As you can see, the cost per conversion was significantly lower ($0.12 vs. $1.20) therefore I stopped running the ad with the higher cost and continued with the ad that had a significantly lower cost. Then from there I split tested the lower cost ad to make it even more efficient. And with a few iterations of testing, I was able to build my email list for less than $0.10 per email.
This shows how important the analytical side of marketing is. If I didn’t have any of these analytics than I would have had no clue which ad was performing better and I wouldn’t have been able to make the changes that I made and the results would have been much harder to achieve.
The effect that page layout and website design have on conversion is also highly front-end, it’s based on analytics of what works and what doesn’t. What pages the users stay on the most and what pages have the highest bounce rates(leaving the website completely without visiting another page.)
But as most people realize, marketing is more than just advertising. It involves adding value and creating content that anyone can view for free.
Front-End/Permission Side of Marketing
The front end side of marketing includes less analytics, but the nature of this marketing is still more trial and error than creative based. On this end of marketing, the psychology of marketing plays a larger role. The person that understands why people make the decisions they do will be better equipped to create content that people enjoy and build trust to keep them coming back for more.
Some role types that are associated with the front end of marketing include website design, content marketing, social media marketing, and the like. Where marketing used to rely completely on interrupting someone now marketing is starting to look a lot less obvious and more like regular content that is indistinguishable from an ad.

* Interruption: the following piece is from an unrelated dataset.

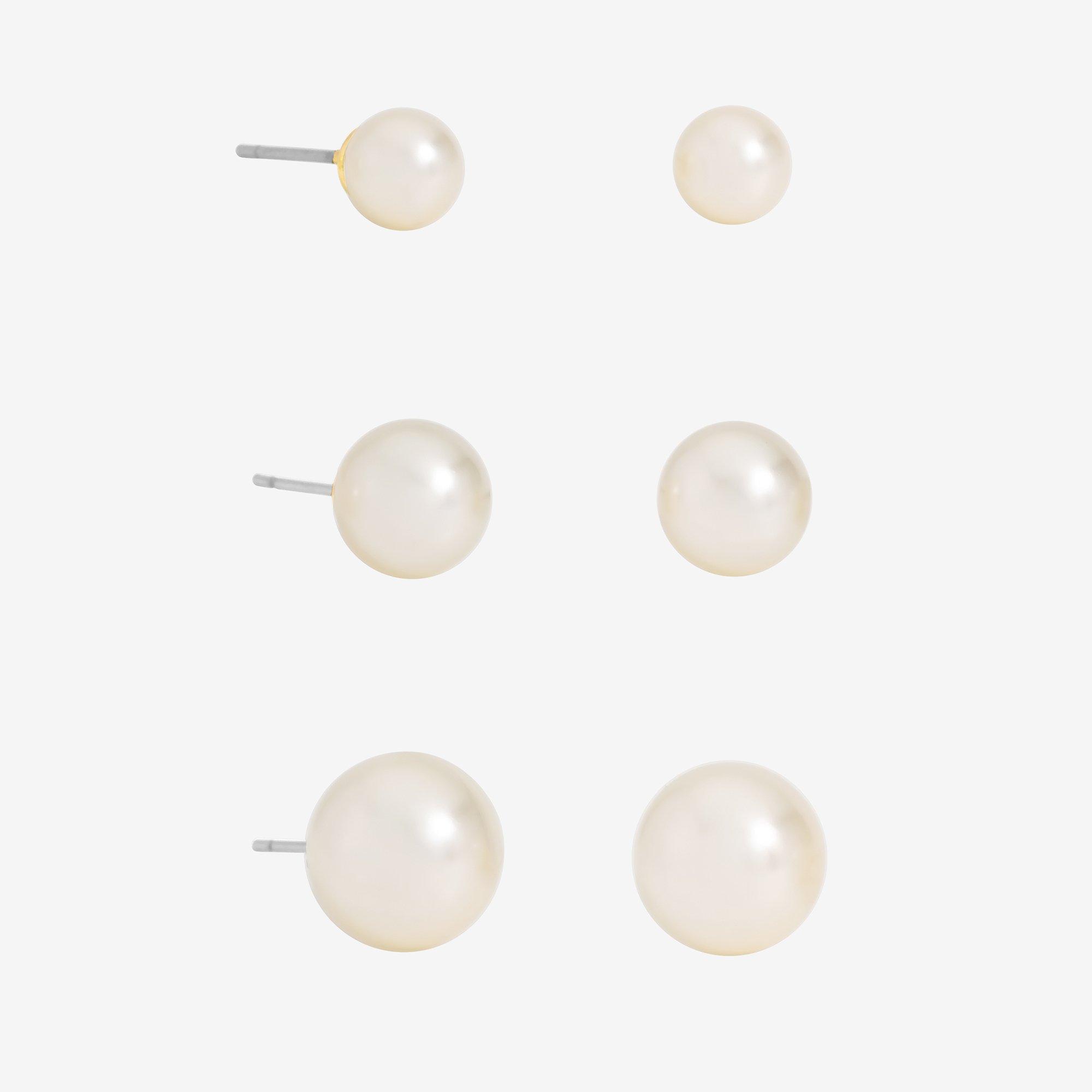 Our Mood Pearl Stud Earrings are the perfect trio of shine and style. Featuring a shimmering pearl these studs add a touch of sparkle to any outfit. Delicate, timeless, and effortless, perfect for day to night. Wear them solo or mix and match. Fastening: Post and Bullet Back. Width dimension: 6mm,8mm,10mm. Length dimension: 6mm,8mm,10mm. Material: Silver Plated Base Metal.

Understanding that people make decisions based on emotion rather than logic can be an important point to keep in mind because content can then be catered to emotion more than explaining why one product is better than another. Writing articles and creating videos that appeal to someone’s emotions creates a positive association with the business that’s not possible with interruption marketing. For example, no matter how compelling the case if for an alternative to the iPhone or Samsung galaxy, people are going to stick with these brands because they trust them and have emotional identifications with these products.
All the really influential marketers of our day like Gary Vee, Seth Godin, Ramit Sethi, and Neil Patel explain how important it is to add real-world value to your customers and viewers and not try to force your product down their throat. Here are a few resources that explain just that:
- 1,000 True Fans Article — Kevin Kelly
- Purple Cow: Transform Your Business by Being Remarkable by Seth Godin
- Unleashing the Ideavirus by Seth Godin
- Permission Marketing by Seth Godin
- Now is the time to CRUSH IT by Gary Vee
- Jab, Jab, Jab, Right Hook by Gary Vee
- The Thank You Economy by Gary Vee
- Zero to Launch course by Ramit Sethi
- Content Marketing — Neil Patel
Both these sides of marketing are highly interconnected because without a brand the ads would be useless, but without the ads, it would be much harder to gain a large viewership of people that are coming to the business in the first place.
Marketing is a very broad field and I hope this article gave a meta-perspective and birds-eye view of what marketing really entails.